ATLANTA, April 25, 2026, 13:06 (EDT)
- The Coca-Cola Company is set to post its first-quarter numbers on April 28, once again spotlighting its 2026 sales forecast for investors.
- One of Latin America’s biggest Coca-Cola bottlers surprised this week, recording higher volumes than anticipated—this even as Mexico’s sugary-drink tax remains in place.
- Coca-Cola closed out Friday at $76.63, up 0.46%. Keurig Dr Pepper shares moved higher; PepsiCo ended lower.
Coca-Cola is set to report first-quarter results next week, bringing with it a new World Cup campaign and an early read from a major Latin American bottler—both factors that are putting a finer point on the question of whether demand will endure following multiple years of rising prices.
The Atlanta-based company will report earnings before the New York Stock Exchange bell on Tuesday, April 28, with an investor call set for 8:30 a.m. ET. This update draws focus after Coke’s guidance in February projected organic revenue growth of 4% to 5% for 2026—organic revenue strips out items like currency shifts, acquisitions, and divestitures.
Investors looking at the bottling sector this week found Arca Continental in focus. The Coca-Cola bottler—second-largest in Latin America—posted a 2% increase in volumes over last year. Bottled water surged nearly 10%, and colas edged up 1%, this despite Mexico’s new sugary drinks tax.

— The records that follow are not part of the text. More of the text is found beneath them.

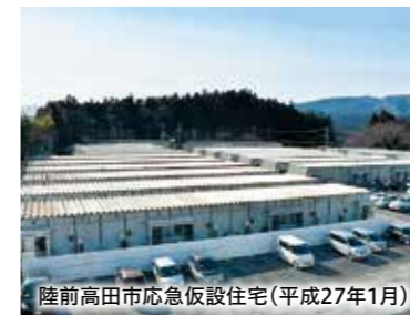
陸前高田市応急仮設住宅(平成27年1月)
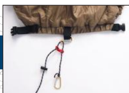
Corde pour fixer l'underquilt (réglable en continu et amovible)
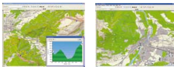
Exemple de visualisation des données sur un écran PC.
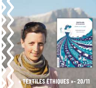
TEXTILES ÉTHIQUES » - 20/11

Après avoir échangé autour de la mode éthique, place à la pratique ! Venez donner une seconde vie à vos vêtements pour les transformer en porte-monnaie, pochettes. Sur inscription : ijlonslesaunier@jeunes-bfc.fr .

Arca posted EBITDA of 10.63 billion pesos, landing above the 10.20 billion pesos analysts surveyed by LSEG had expected. Santander pointed out that “all eyes” were on Mexico’s volumes, while JPMorgan described the results as resilient, according to Reuters. Reuters
Coca-Cola kept up its momentum on the brand front. Powerade kicked off its FIFA World Cup 26 campaign, “Power Your Fate,” back on April 23, signing up Lamine Yamal and Rodrygo Goes as faces of the effort. Coke’s marketing chief Manolo Arroyo described the campaign as grounded in “preparation, discipline, and focus.” Coca-Cola Company
Sports drinks aren’t Coke’s main revenue stream, but they offer the company a shot at younger buyers and put it up against PepsiCo’s Gatorade. Back in February, Coca-Cola reported a 5% bump in sports drink sales for the fourth quarter, up just 1% for 2025. Coca-Cola Zero Sugar did better—13% higher in the quarter, 14% for the full year.
It’s a patchwork landscape out there. Keurig Dr Pepper beat first-quarter sales and profit expectations Thursday, posting about a 12% jump in its U.S. beverage unit. Coffee, on the other hand, dragged margins. The results show demand for drinks isn’t moving in lockstep across the sector.
Coke faces a clear risk here: as prices climb, some shoppers might balk, while sugar taxes, swings in currencies, and costlier inputs keep squeezing both bottlers and margins. Back in February, Reuters flagged that Coca-Cola’s Asia-Pacific volume didn’t budge in the fourth quarter, with China and India weighing on the numbers. Jefferies’ Kaumil Gajrawala described the company’s 2026 outlook as “conservative” but “appropriate” given the year’s opening stretch. Reuters
Tuesday’s earnings will test a few things: Can Coke keep volumes up? Will zero-sugar and sports drinks do enough to counter softness in classic sodas? Investors also want to see if management holds the line on its 2026 outlook. With shares hovering around $76.63 and a market cap topping $330 billion, even subtle shifts in messaging could move the needle.